Given the significant association between the burden of rare PROC coding variants and low protein C levels, we conducted an additional analysis to evaluate whether the association of VTE with the burden of rare PROC variants was explained by low protein C levels. We dichotomized protein C levels based on the cutpoint of 2.0 mg/L, consistent with the previously published LITE study [28]. In a Cox regression model that included both the burden of rare PROC coding variants and low protein C status adjusting for the same covariates as in the primary analysis, the PROC burden remained significant when the status of low protein C was adjusted for (Table 3). Moreover, the adjustment for the burden of rare PROC coding variants resulted in more reduction in the strength of the association between low protein C and VTE than vice versa (21.8% vs 5.0%). We noticed that the HR for low protein C with VTE was lower than the previously reported HR in LITE based on about 8 years of follow-up (1.83 in EAs and AAs combined vs 3.36 from the previous report) [28]. This difference was mainly due to the attenuation of the association of low protein C with VTE over time.
Table 3.
Association of incident VTE with PROC burden and low protein C levels in ARIC EAs
Test Model* | Exposure Variable | HR (95% CI) | P-value |
---|---|---|---|
Low protein C† | Low protein C | 1.97 (0.88, 4.41) | 0.10 |
PROC burden | PROC burden | 4.80 (2.56, 9.00) | 9.79x10−7 |
Low protein C + PROC burden | Low protein C | 1.54 (0.67, 3.52) | 0.16 |
PROC burden | 4.56 (2.40, 8.67) | 3.74x10−6 |
Analysis was limited to those who had values for protein C levels and PROC burden score (n=7749; 23 participants were not included due to missing data on protein C)

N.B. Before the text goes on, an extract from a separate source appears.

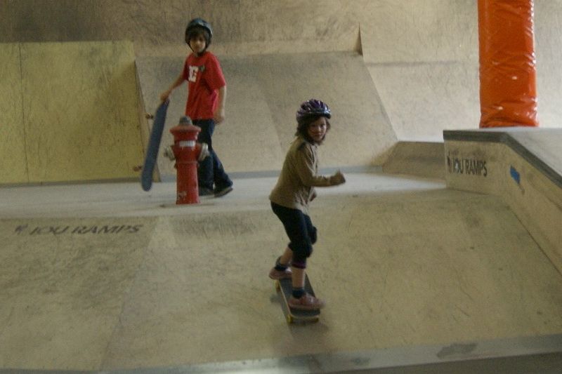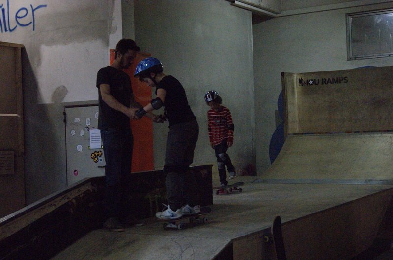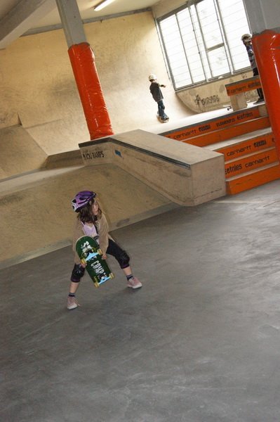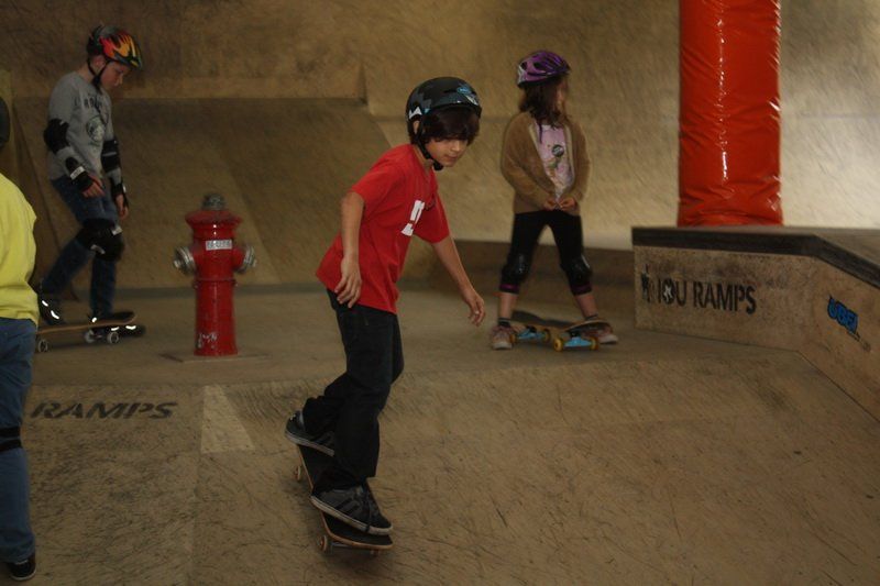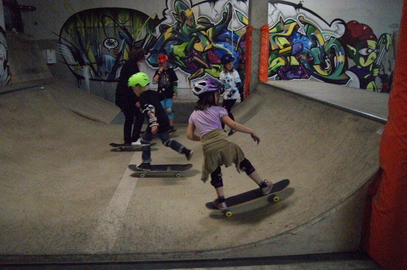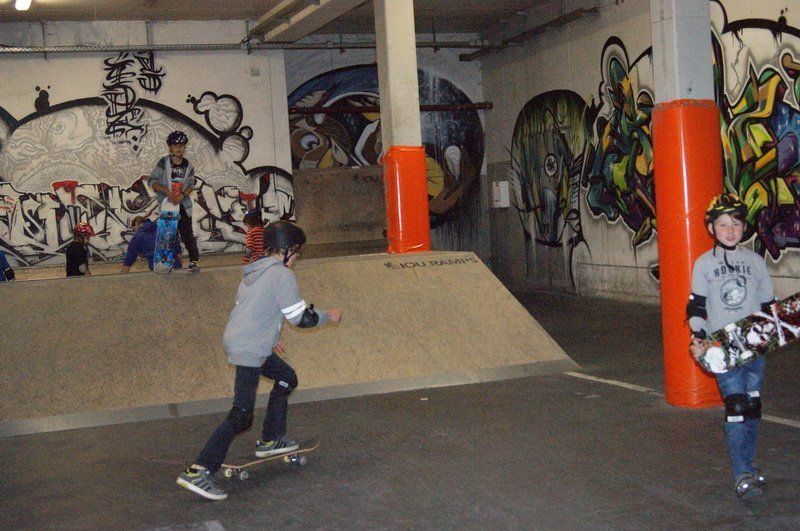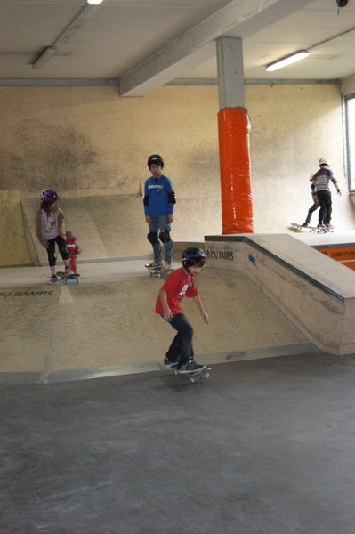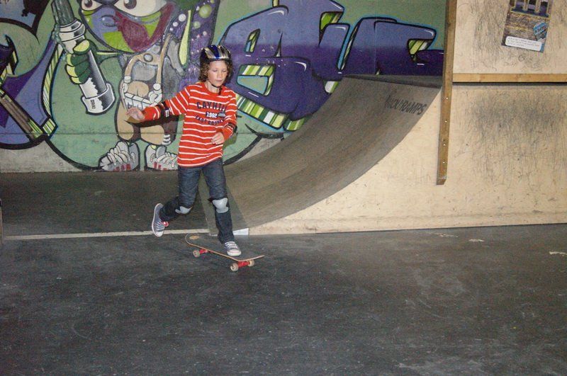 Gut gepolstert heißt es für die Kleinen dann rauf aufs Brett. Und das ist gar nicht so einfach, denn das macht nicht immer das, was die Kids wollen. So landet der eine oder andere bei der ersten Fahrt von der Rampe schon mal auf dem Hosenboden. Aber schließlich ist noch kein Meister vom Himmel gefallen.

Adjusted for age, sex, and the 2 principal components related to ancestry for ARIC EAs
Defined as protein C level < 2.0 mg/L,23 account for 0.72% of ARIC EAs.
Comparison with known variants
We checked the PROC rare coding variants identified in this study against those in the Human Gene Mutation Database (HMGD, http://www.hgmd.cf.ac.uk/ac/index.php), and found that 18 of the 29 variants identified in EAs and 6 of the 18 variants identified in AAs were present and reported to cause protein C deficiency (Supplementary Table S2). To determine if our results were driven by these known variants, we ran an additional Cox burden analysis after exclusion of carriers of these variants. We found that the association between the burden of PROC rare coding variants and VTE remained consistent (ARIC EAs: HR = 5.20 [1.67, 16.20], p = 0.0045, CMAC: 3 in 451 cases and 10 in 7,286 non-cases).
Discussion
These data, from two population-based cohorts, demonstrate that rare coding variants in PROC are present at an appreciable frequency in the general population and that their presence is associated with a more than 5 fold increased risk for VTE. Exclusion of known PROC mutations in HMGD did not eliminate the association, indicating the effect of the newly identified PROC variants on VTE risk in these general population samples. The association of PROC rare coding variants with plasma D-dimer, a marker of fibrin turnover and an important risk marker for VTE [29], corroborates the influence of these rare coding variants on VTE risk and increases our understanding of why D-dimer is such a strong VTE risk factor.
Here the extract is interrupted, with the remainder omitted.